Green’s portraits often cultivate community, queer and otherwise. Attraction Experiment exists alongside longer-term projects like Jewels from the Hinterland (2013–present), in which Green responds to the limited representation of people of color in urban green spaces, utilizing spaces like Brooklyn’s Prospect Park to frame and foster an expansive community of black artists.
Located somewhere between Attraction Experiment and Jewels is the recent portrait Untitled (Riis), which reveals emergent concepts that the artist plans to further develop. This beach scene depicts the forged community that Green’s practice celebrates, but also hones in on her nascent interest in visualizing and making space for femme-identified queer women.
Res On Res’s studio wall is a photoshopped collage of Catherine Opie portraits with the people removed, leaving behind backgrounds with only the faintest traces of life. “I don’t know why I did it,” the photographer admits. “It’s not conscious yet.” If the motivation isn’t conscious, the act of appropriating the work of Opie—a photographer who depicted her queer and BDSM communities from the ‘90s onward—certainly feels relevant. Res, who recently received their MFA in photography from Yale, plans to utilize their new, generously lit studio space in Bushwick to embark on a series of free-form portraits this fall—a genre the photographer has a productively taut relationship with.
“I’ve always felt resistant to portraiture, formally,” Res says. “I think it partly has to do with being queer and the experience of being labeled and reduced.” This resistance functions as a site of tension: How does one communicate something as multifaceted as identity when the portraiture game has been historically so rigged against marginalized communities?

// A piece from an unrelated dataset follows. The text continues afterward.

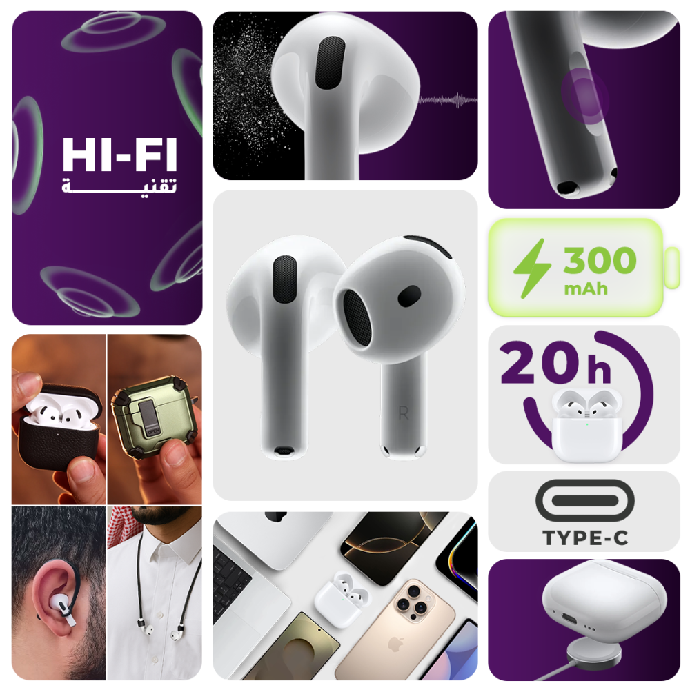صوت قوي، عزل ضوضاء، تحكم باللمس، متوافقة مع جميع الأجهزة، شحن لاسلكي وType-C، وإكسسوارات مميزة.

It is a question that suspends Res’s practice in a state of constant investigation. “With the context removed, you are relying on the body alone to communicate an individual’s identity. I don’t know if it’s possible to see somebody in their complexity in the portrait itself. And what about the presence of the photographer? In formal portraiture it’s not something we’re supposed to think about.” As an artist of the new queer vanguard, Res recognizes the strategic positioning of identity in front of and behind the camera.
“In my work, I am most interested in the ‘me’ of my queerness, rather than the ‘we’ of my queerness. The work seen here explores queerness in the way that most of my work does, in that it is taken directly from my life, and filtered through me. I believe the queer in the work is subtle, but if you are looking for it you can find it—I love leaving things in my work for the people who know to look for them.”